(Records from a collection)
┄┄┄┄┄┄
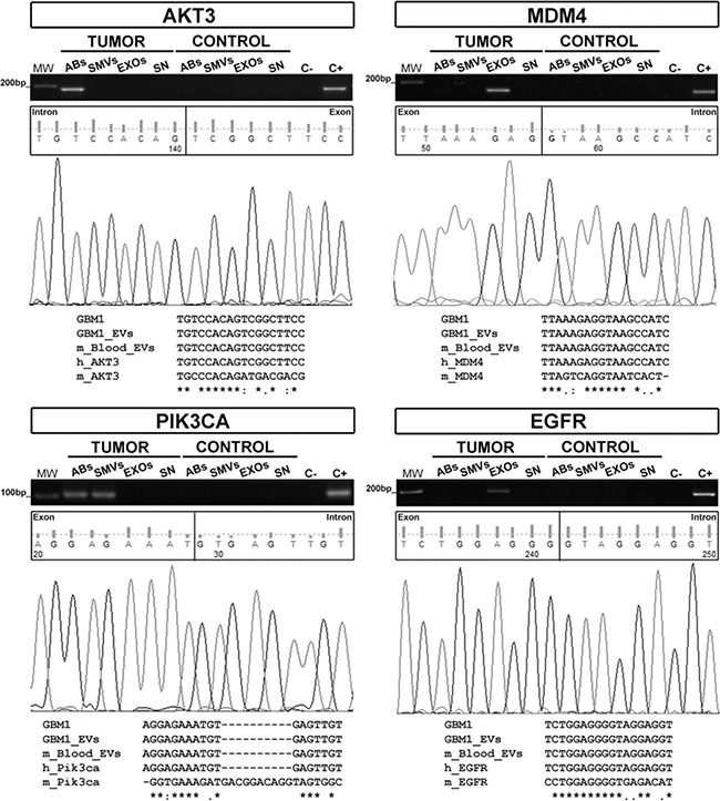 The GBM27 orthotopic xenotransplant model was used to analyze whether all three types of GBM27-derived EVs can carry relevant human gDNA sequences, cross the undisrupted BBB and reach the bloodstream. We hypothesised that if this was the case, we should be able to detect relevant human gDNA sequences within the pool of EVs (both mouse and human) isolated from peripheral blood. Thus, we isolated and separated all three types of EVs from plasma obtained from the inferior vena cava, isolated total DNA from each type of EV and performed PCR assays to specifically amplify human gDNA sequences. PCR-amplification products of the expected sizes were obtained for AKT3 from ABs, PIK3CA from ABs and SMVs, and MDM4 and EGFR from EXOs. Multiple sequence alignment showed a complete homology among these sequences and their counterparts from the supernatants of hCSCs-enriched cultures (Figure 4).
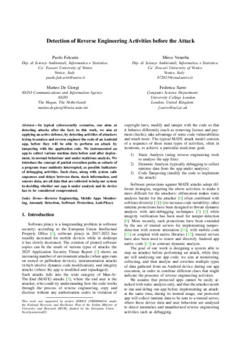 Title: | Detection of Reverse Engineering Activities before the Attack |
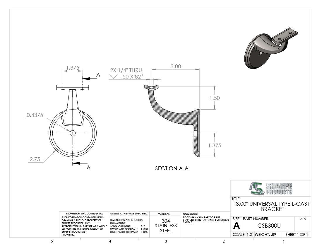 #CSB300U - CAST STAINLESS BRACKET, 3" C.L., UNIVERSAL SADDLE
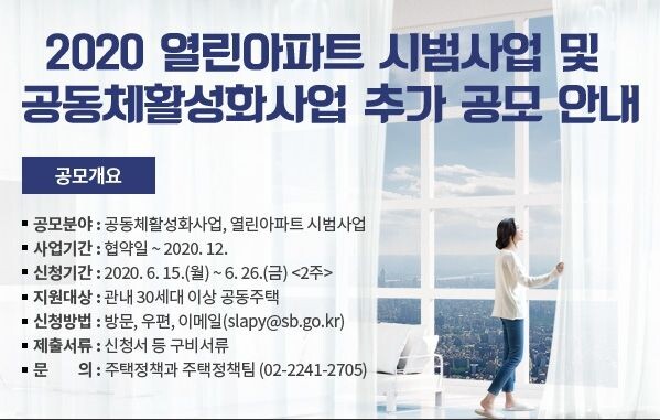 [무한뉴스] 서울 성북구는 상생하고 소통하는 열린아파트 만들기 조성을 위해 오는 26일까지 ‘2020 열린아파트 시범사업’에 참여할 단지를 모집한다고 한다.
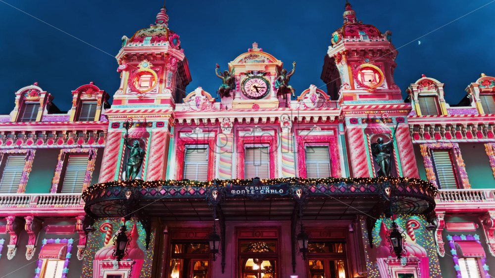 Video Monte Carlo, Monaco – December 14, 2024: Front view of the Monte Carlo Casino decorated for Christmas in the evening Royalty Free Stock Video Footage
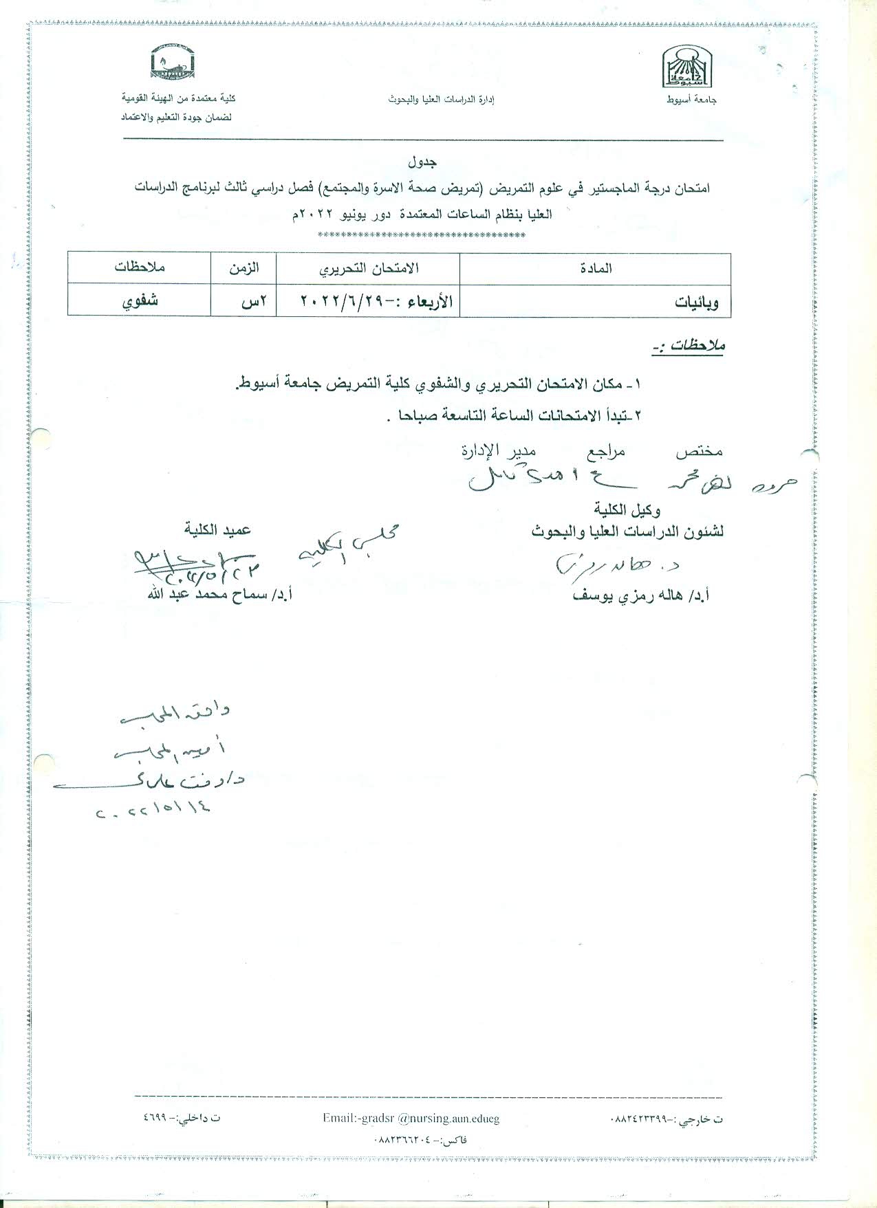 جدول امتحان درجة الماجستير فى علوم التمريض (تمريض صحة الأسرة والمجتمع) فصل دراسي ثالث لبرنامج الدراسات العليا بنظام الساعات المعتمدة دور يونيو 2022م 29 مايو 2022
┄┄┄┄┄┄
__TASK BRIEF__:
Once the pictures are set aside, what is needed is the lines from the line with "Title: | Detection" through the end of the data, written out exactly and alone.

__EXERCISE OUTPUT__:
 Title: | Detection of Reverse Engineering Activities before the Attack |
 #CSB300U - CAST STAINLESS BRACKET, 3" C.L., UNIVERSAL SADDLE
 [무한뉴스] 서울 성북구는 상생하고 소통하는 열린아파트 만들기 조성을 위해 오는 26일까지 ‘2020 열린아파트 시범사업’에 참여할 단지를 모집한다고 한다.
 Video Monte Carlo, Monaco – December 14, 2024: Front view of the Monte Carlo Casino decorated for Christmas in the evening Royalty Free Stock Video Footage
 جدول امتحان درجة الماجستير فى علوم التمريض (تمريض صحة الأسرة والمجتمع) فصل دراسي ثالث لبرنامج الدراسات العليا بنظام الساعات المعتمدة دور يونيو 2022م 29 مايو 2022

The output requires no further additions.